From October 2022, not sure what I was thinking but I tried to implement a Kotlin style when statement in Dart. Original readme below.

Repository: DartWhen-main.zip

Probably a bad idea but I miss Kotlin's when statement/expression and I'm not satisfied with only having Dart's if and switch. There's is a proposal in Dart to extend the Switch statement to become an expression (see Patterns Feature Specification) which will improve things massively but it's not here yet.

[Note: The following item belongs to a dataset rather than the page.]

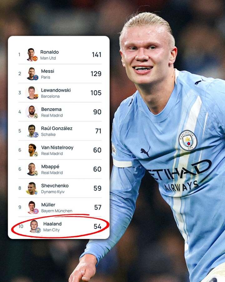 25岁的哈兰德已置身欧冠历史弓手榜前10

Warning: This was knocked together in an hour or two then refined a little, I can't vouch for its safety or correctness

Usage

You can add when to your project using this repo as a git package dependency:


Dart's Switch

Dart's current Switch statement is identical to Java's:

switch (x) {
  case 1:
    print("is 1");
    break;
  case 2:
    print("is 2");
    break;
  case 3:
    print("is 3");
    break;
  default:
    print("default - no match");
}

The same code with DartWhen:

when(x, {
  1: () => print("is 1"),
  2: () => print("is 2"),
  3: () => print("is 3"),
  Else: () => print("default - no match")
});

Expression

Dart's switch can't currently be used as an expression, DartWhen can though:

var y = when(x, {
  1: 11,
  2: 22,
  3: 33,
  Else: -1
});

Boolean branch case

DartWhen also allows you to include a boolean expression as a branch case:

var y = when(x, {
  1: 11,
  2: 22,
  3: 33,
  x < 10: 44,
  Else: -1
});

Adding more than one boolean branch will result in unexpected behaviour, if you want to use multiple boolean branch cases you can use the alternative syntax which is less elegant:

when(x, [
  {x > 700: () => print("> 700")},
  {x > 600: () => print("> 600")},
  {x > 500: () => print("> 500")},
  {x > 400: () => print("> 400")}
]);

(when is overloaded, the default implementation uses a Map with the tidier syntax in the other examples; the supplied condition is matched against the key entries, obviously with true/false keys that would be a problem with multiple boolean branches. Having a second overload backed by a List allows the branches to be iterated sequentially instead).